What about the Database Storage layer?
If you use PostgreSQL (like me) in your own Data Center: Use Pure Storage’s FlashArray //m
If you are a System Engineer and you have dealed with large scale systems in a Data Center, you should have used at least one time, an array of discs. In my case, I’ve used a lot this, and many times, I’m seeing to myself trying to tuning everything related to the base OS to take advantage of everything, but many times I have found that one of the main root causes of a particular issue in my Database systems is due to the SAN/NAS systems, mainly caused for the speed of the discs, ore many times because they are not ready to provide a fast performance for a large quantity of writes and reads, more commonly known like I/O operations; they are not ready for Real-Time Data Ingestion applications.I began to wonder to myself:
“C’mon, we need to find a suitable and cost-effective alternative to this problem”
I began to focus the research in recent innovation in the Storage layer, and I found Pure Storage. But I found more: Pure Storage was compatible with PostgreSQL when I read how Yodle migrated their Storage layer to them, and achieved 5-to-1 data reduction of the database and the execution time for all database queries was dramatically decreased You should be wondering why I’m putting this here. The answer is simple: the Database, it doesn’t matter if you use Apache Cassandra, PostgreSQL or MongoDB, the DB is always a critical point of your Mobile App, because you store everything there, so when you are optimizing your infrastructure to deliver the best service to your users, you must take a deep to your database, and of course to your Storage layer. To see everything in your Database servers, AppDynamics has released a new product called Database Performance Management, where you can analyze locks, execution plans, slow database response times and more.
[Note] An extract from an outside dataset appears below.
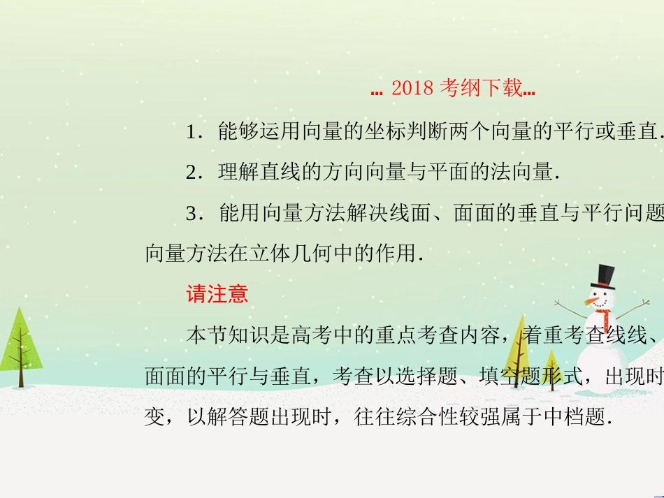 第7课时空间向量的应用(一)平行与直…2018考纲下载…1.能够运用向量的坐标判断两个向量的平行或垂直.2.理解直线的方向向量与平面的法向...

BTW, they are looking for a Product Manager for this particular product, so if you are interested, I let you the link here.
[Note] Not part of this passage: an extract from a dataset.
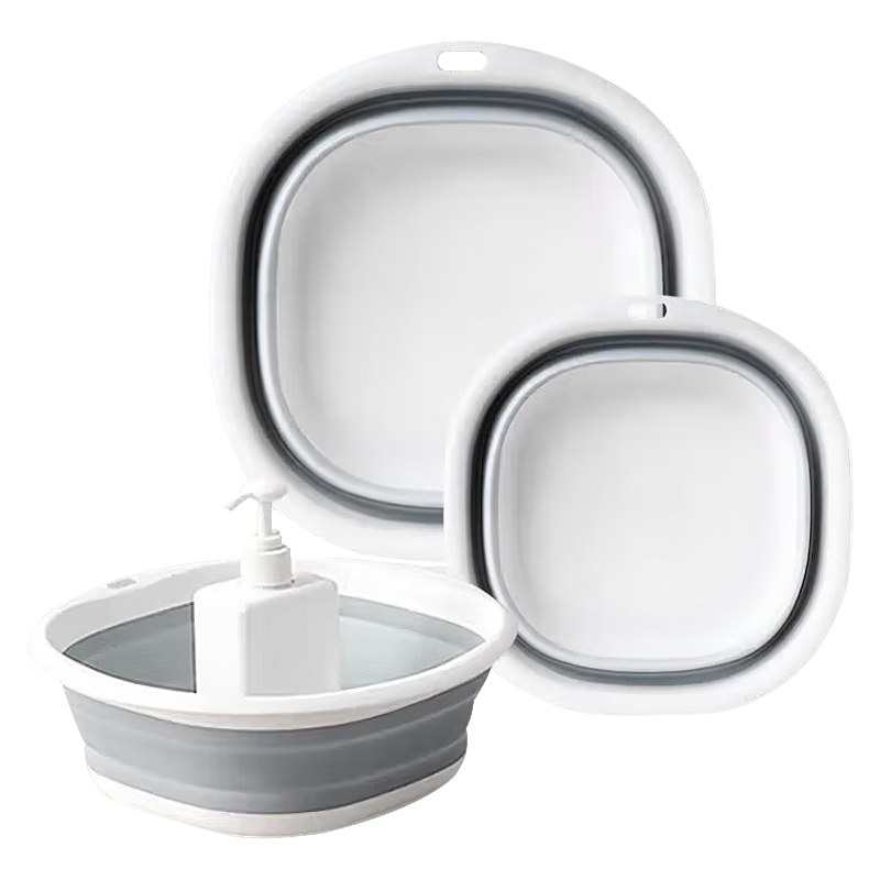 诺兰森迪 旅行折叠盆洗脸盆家用宿舍便携式军训必备用品水盆灰白色-中号

What about the HTTP and App Backend layers?
Many companies right now are using the MEAN Stack (MongoDB, ExpressJS, AngularJS and NodeJS) for Mobile Apps backend development; and for the frontend they use Nginx. So, you need to see what happens in these layers too. For example, for Nginx + NodeJS tuning, I found this great post from the GoSquared’s Engineering team where they explained brilliantly how to do this. One of the hardest problems to tackle when you are using NodeJS for development is the memory leaks that you app could create. To give you ideas how to solve this issue, you can read these two posts:
- Debugging Memory Leaks in Node.js Applications, from Vladyslav Millier
- Understanding Node.js Memory Leaks, by Omed Habib, Principal Product Manager at AppDynamics
If you have a performance problem with your NodeJS application, talk with Omer and his team, they are ready to help you.
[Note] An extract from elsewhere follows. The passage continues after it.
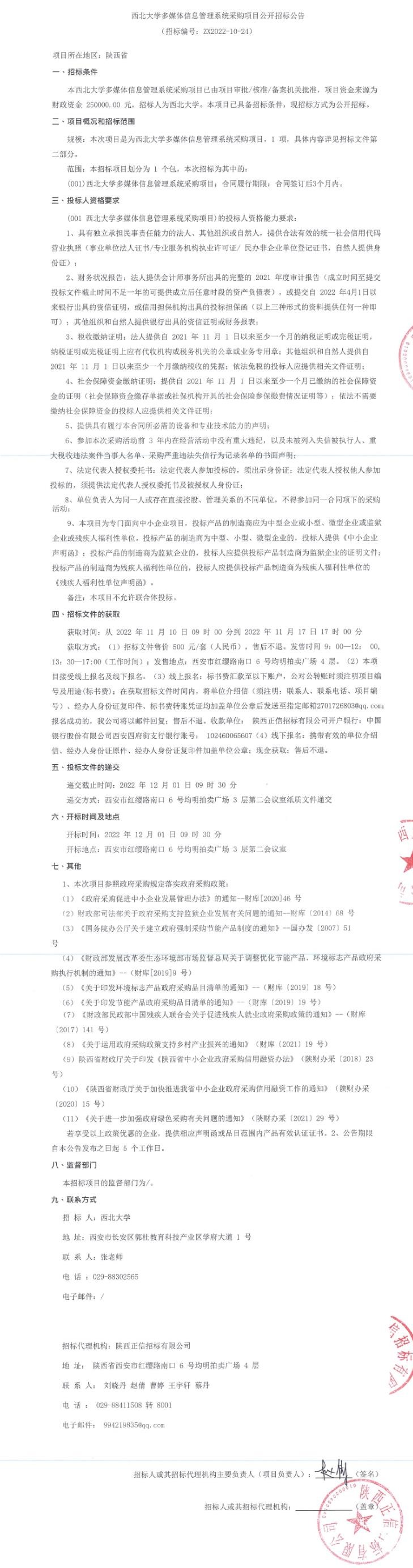 西北大学多媒体信息管理系统采购项目公开招标公告

So, when you are in the privileged place to develop a Mobile app direct to consumers, you have to take a deep look for its performance, and with AppDynamics, Twin Prime and Pure Storage, you can work hard to deliver the best service for your users. Mobile Performance could be a pain in the ass, and can hurt hardly your revenue metrics, so keep a deep eye on it and work hard to eliminate all issues related to it. Thanks for your time and let me know what do you think about it.